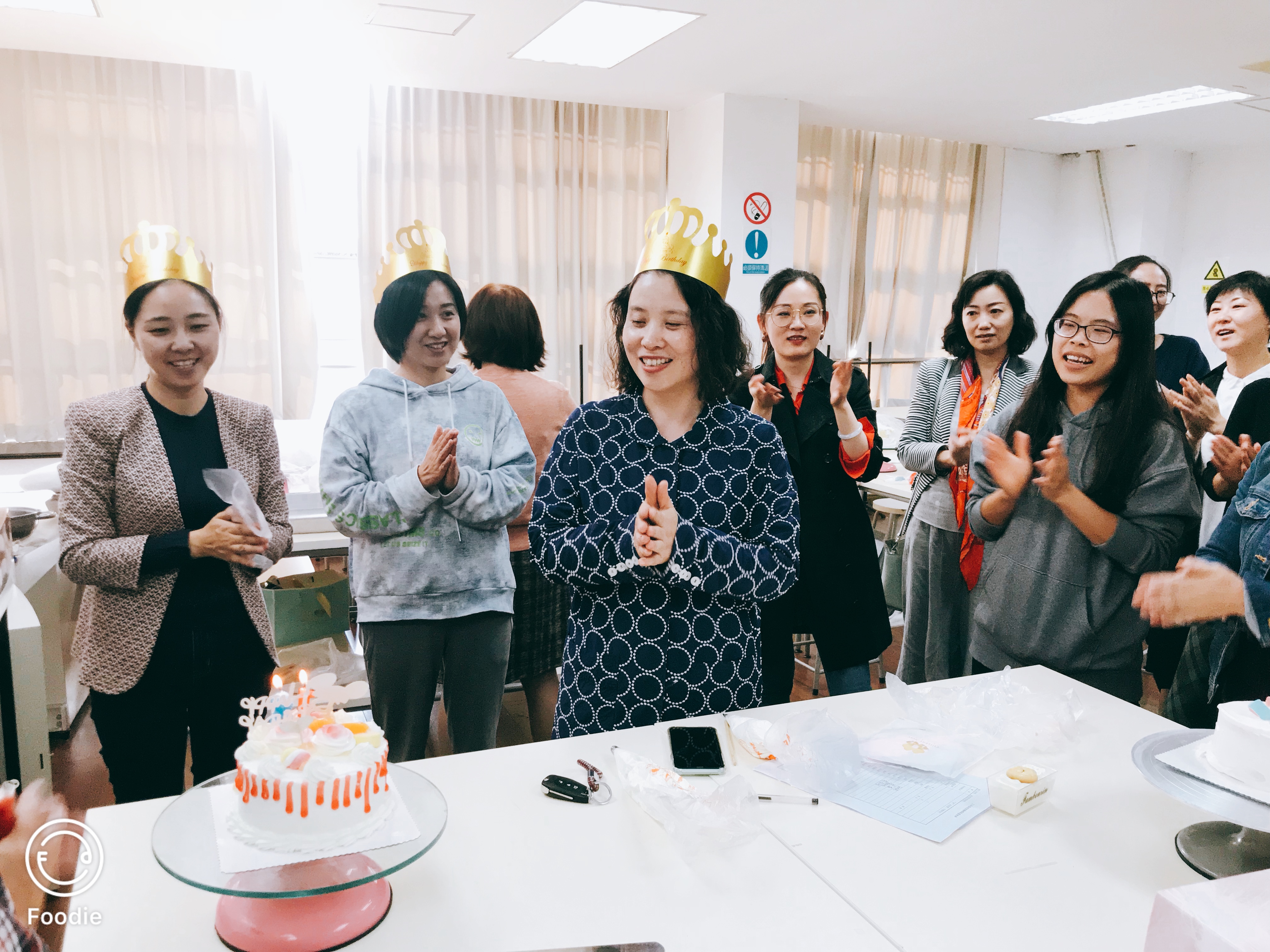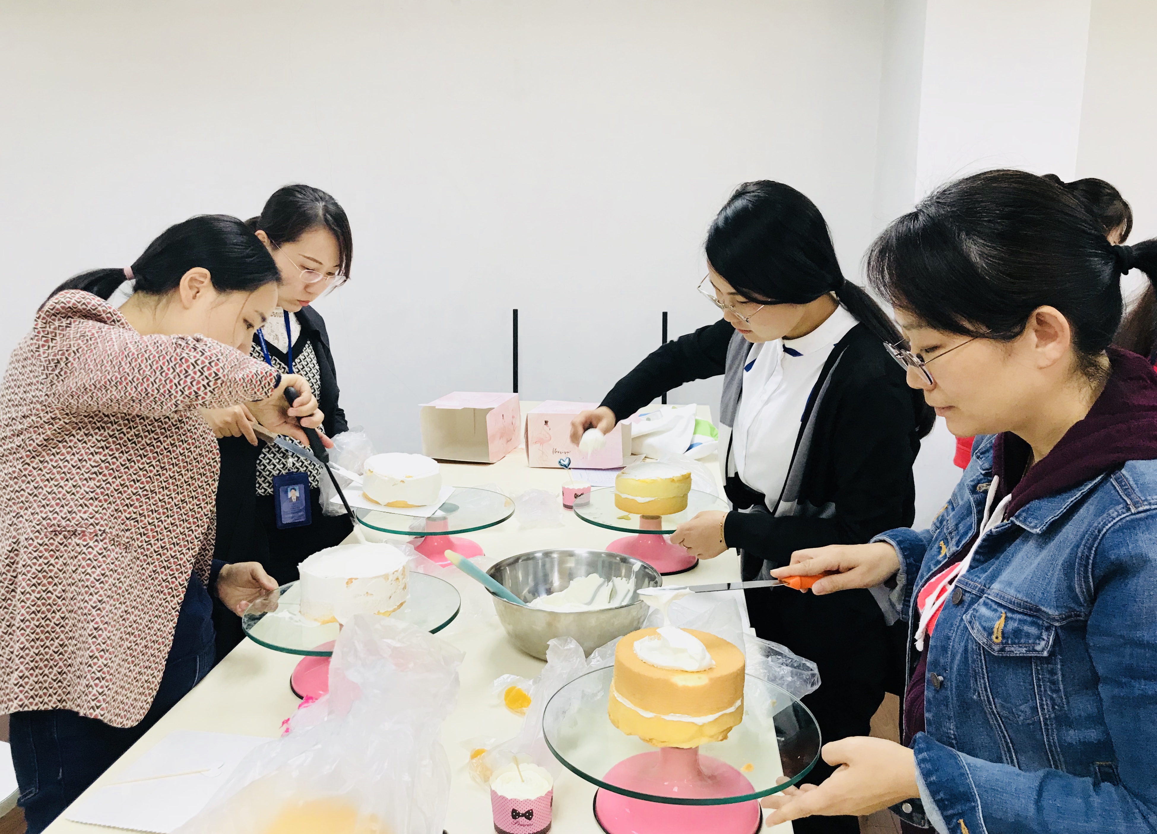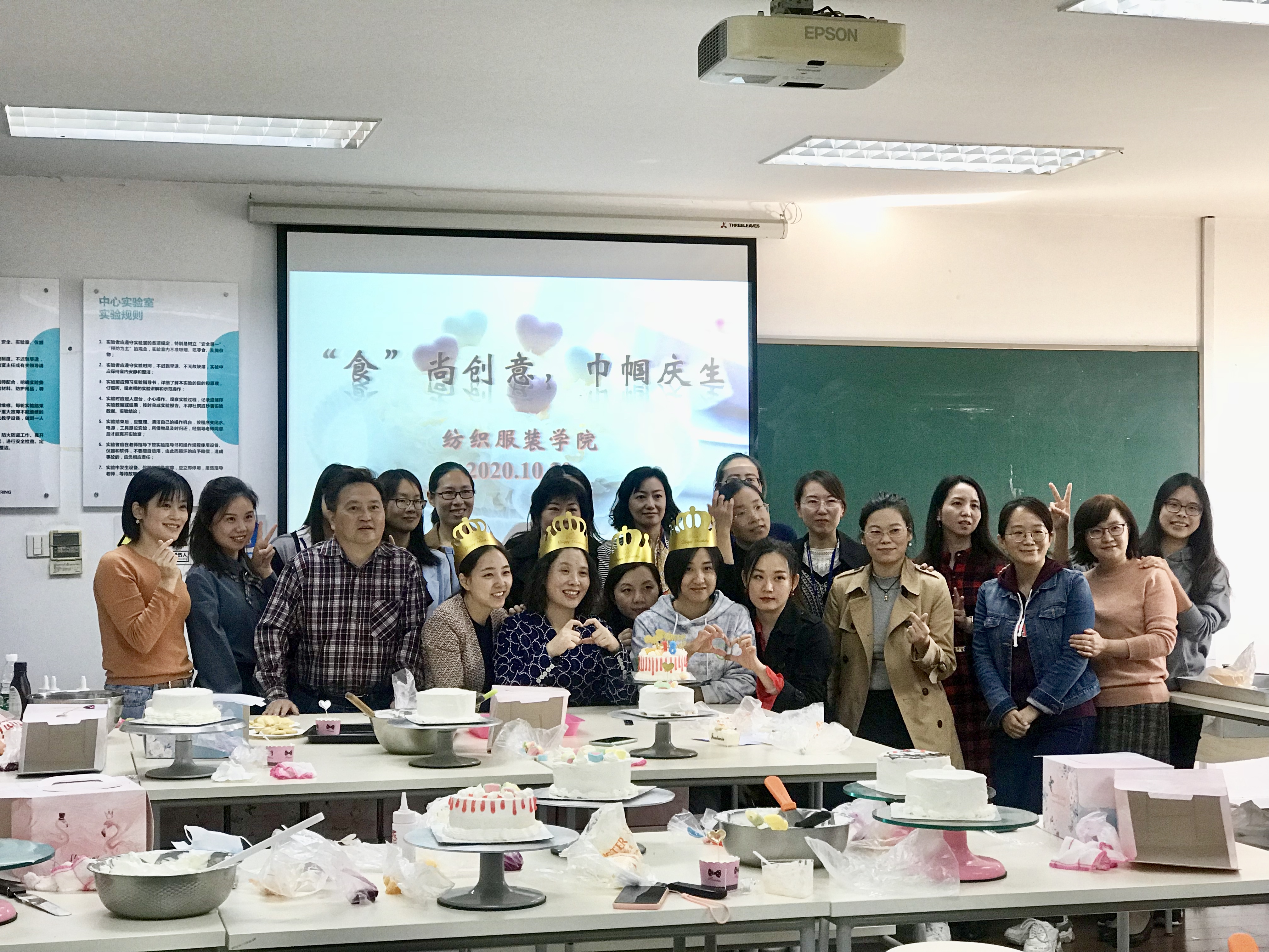 本次活动由纺织服装学院工会主席王黎明老师主持,学院的工会委员、女教师们共同参加了本次活动,活动邀请了两位专业的西点老师,通过制作讲解,使老师们了解了手工做蛋糕的重点难点,以及需要注意的事项,并通过示范实践操作了手工奶油蛋糕的制作过程。此次活动的举办恰逢几位老师的生日,大家一起为寿星老师们献上特意制作的蛋糕并一起唱生日歌,献上生日祝福。
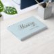 Customer specific, memorial, elegant, simpel "In Loving memory" rose-gold-foil handwriting font, ligt-blue funeral guest book. Availible in gold, copper and silver foil.
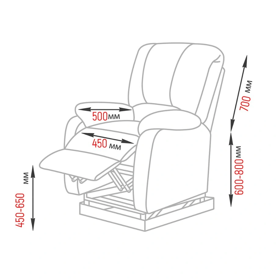 Педикюрное оборудование оснащено широким сидением с массивными мягкими подлокотниками. Для удобства ног посетителей предусмотрена подставка, положение которой можно менять в зависимости от процедуры. Два мотора работают независимо, грамотно распределяя нагрузку между собой. Благодаря независимой работе моторов, можно устанавливать секции ног и спины на разном уровне. Механизм реклайнера легко трансформирует кресло в кровать.
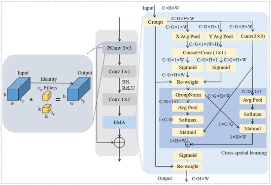 Modelling cross-channel relationships through channel dimensionality reduction may have a negative impact on deep visual feature extraction; to address this problem, we introduce the EMA model without dimensionality reduction, thereby preserving the information of each channel while reducing computational overhead. Additionally, EMA introduces an information aggregation method across spatial dimensions, enabling richer feature fusion. When EMA is combined with the FasterBlock module, the resulting FEA module further reduces computational costs and selectively emphasizes key local features while maintaining attention on global features. This improves the detection performance of the models for multi-scale targets. The structure of FasterBlock–EMA is illustrated in Figure 3, where * represents the convolution operation.
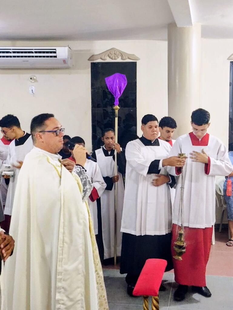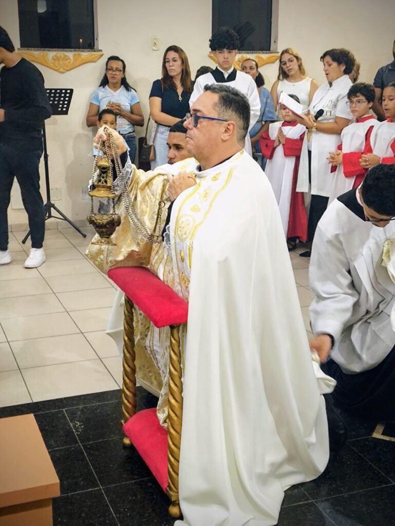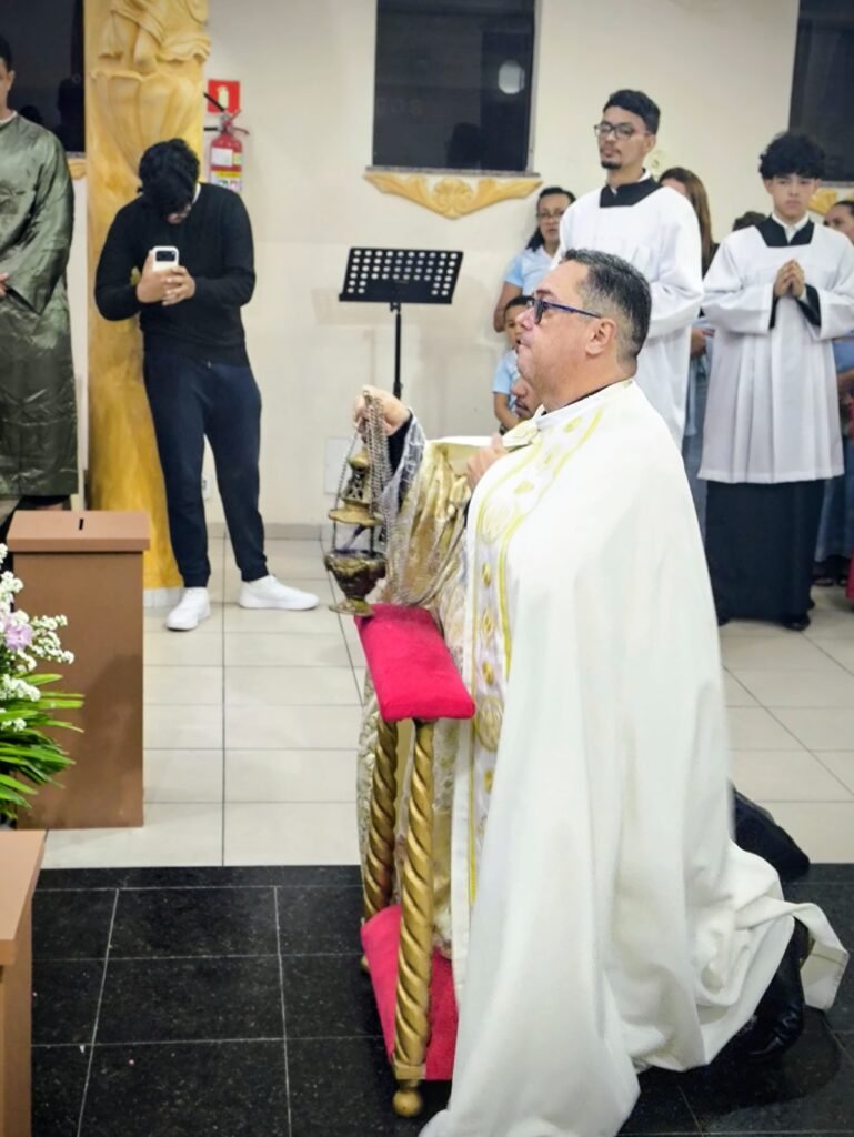A noite também foi de ação de graças pelo Dia da Instituição do Sacerdócio. A comunidade rendeu homenagens e orações pela vida e vocação do Pe. Vinicius, que celebra seus 18 anos de entrega a Deus e à Igreja, guiando o rebanho local sob o lema Veritatis et Caritatis (Na Verdade e na Caridade).
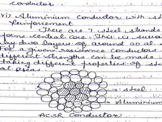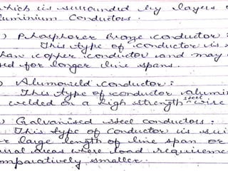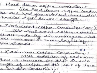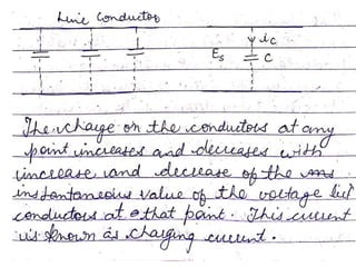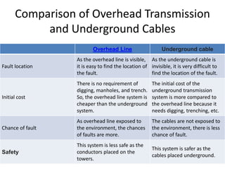 The document compares overhead transmission lines and underground cables. It discusses that overhead lines have easier fault location, lower initial cost, higher chance of faults, lower safety, shorter useful life, and lower maintenance cost than underground cables. Underground cables have more difficult fault location, higher initial cost due to trenching requirements, lower chance of faults, higher safety as cables are underground, longer useful life, and higher maintenance cost to locate and repair faults. The document also discusses parameters of transmission lines like resistance, inductance, capacitance and classifications of transmission lines by length.
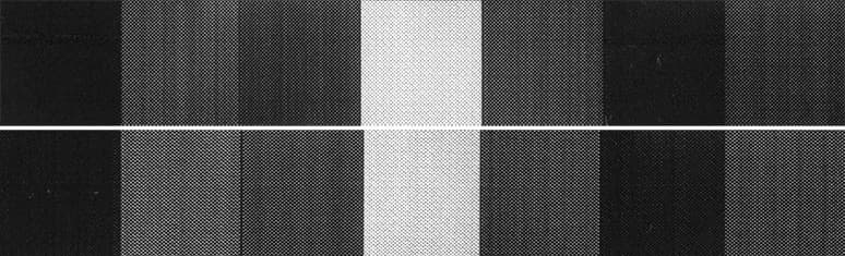 Различимость шкалы нейтральных плотностей на светлом конце посредственная — от 7-8 процентов, а на темном простирается лишь до 80 процентов. Плашки довольно плотные, но растр заметен уже при небольшом увеличении.
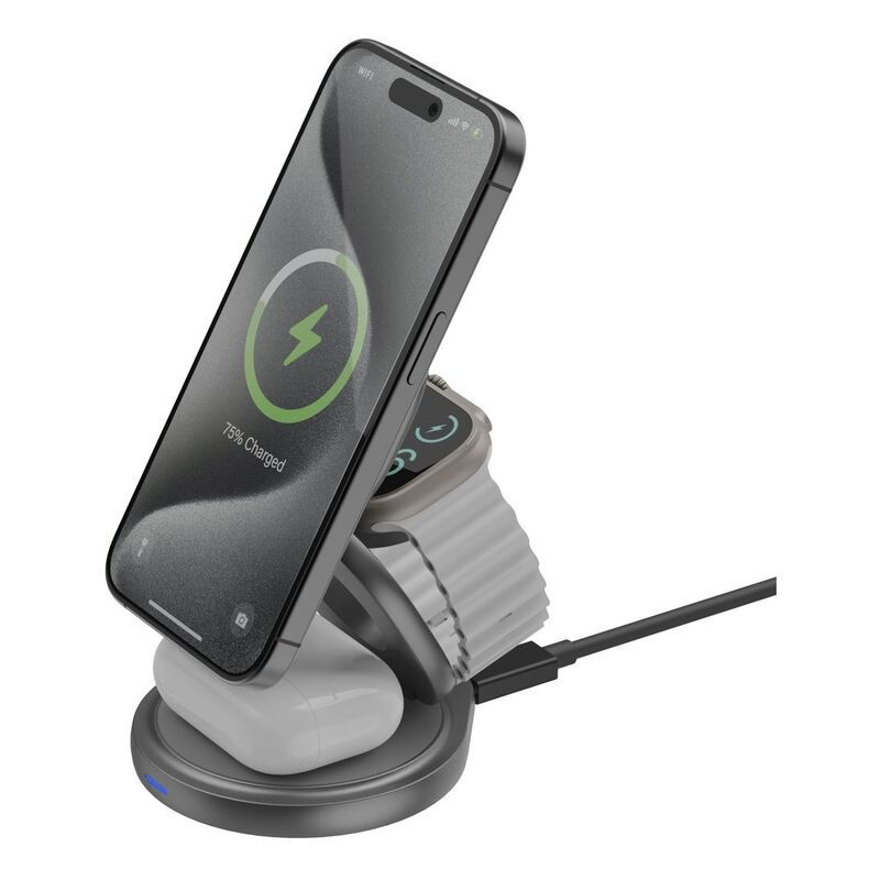 - 15W SLEEK ALUMINIUM DESIGN FOR EVERY ESSENTIALS Designed to power your iPhone, Watch and AirPods in one place
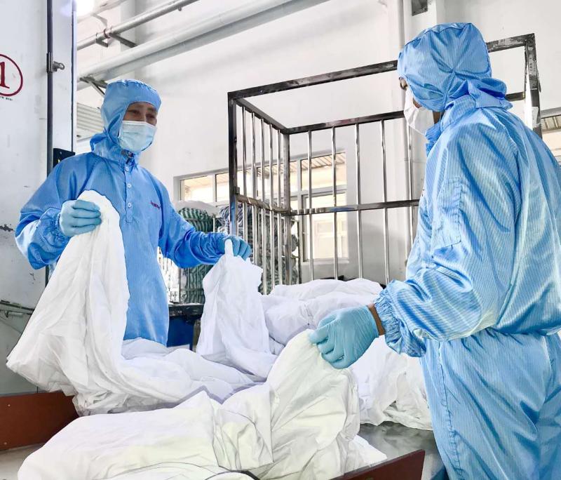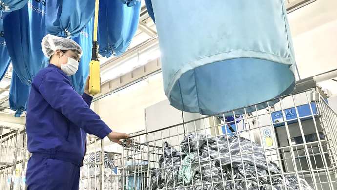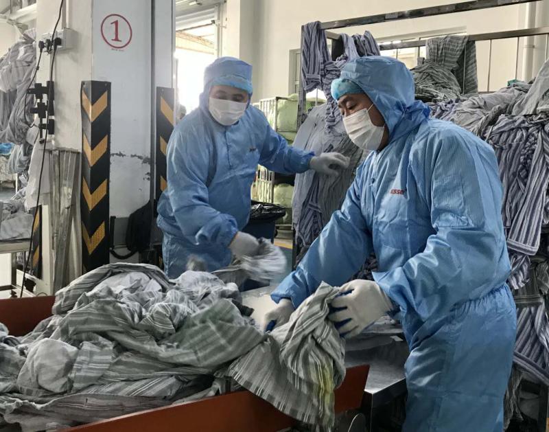 據(jù)他介紹,一方面,一般普通的臟污織物所經(jīng)歷的消毒包含洗滌過程中的化學(xué)消毒和濕熱消毒,以及干燥過程中的干熱消毒,通過利用隔離式洗衣機(jī)洗滌,幾輪化學(xué)加物理消毒下來,可以保障織物的清潔衛(wèi)生程度。對于重度污染的織物,甚至是感染性織物,消毒方式就更加嚴(yán)格了,無論從消毒劑的用量上,還是洗滌烘干的溫度上,都作了嚴(yán)的把控,以確保消毒質(zhì)量。

-=-=-

What to work on>
Copy the lines above exactly, starting at the one with "Modelling cross-channel relationships" and ending at the one with "The document compares", both included. Leave out any pictures and add nothing else.

Answer>
 Modelling cross-channel relationships through channel dimensionality reduction may have a negative impact on deep visual feature extraction; to address this problem, we introduce the EMA model without dimensionality reduction, thereby preserving the information of each channel while reducing computational overhead. Additionally, EMA introduces an information aggregation method across spatial dimensions, enabling richer feature fusion. When EMA is combined with the FasterBlock module, the resulting FEA module further reduces computational costs and selectively emphasizes key local features while maintaining attention on global features. This improves the detection performance of the models for multi-scale targets. The structure of FasterBlock–EMA is illustrated in Figure 3, where * represents the convolution operation.
A noite também foi de ação de graças pelo Dia da Instituição do Sacerdócio. A comunidade rendeu homenagens e orações pela vida e vocação do Pe. Vinicius, que celebra seus 18 anos de entrega a Deus e à Igreja, guiando o rebanho local sob o lema Veritatis et Caritatis (Na Verdade e na Caridade).
 The document compares overhead transmission lines and underground cables. It discusses that overhead lines have easier fault location, lower initial cost, higher chance of faults, lower safety, shorter useful life, and lower maintenance cost than underground cables. Underground cables have more difficult fault location, higher initial cost due to trenching requirements, lower chance of faults, higher safety as cables are underground, longer useful life, and higher maintenance cost to locate and repair faults. The document also discusses parameters of transmission lines like resistance, inductance, capacitance and classifications of transmission lines by length.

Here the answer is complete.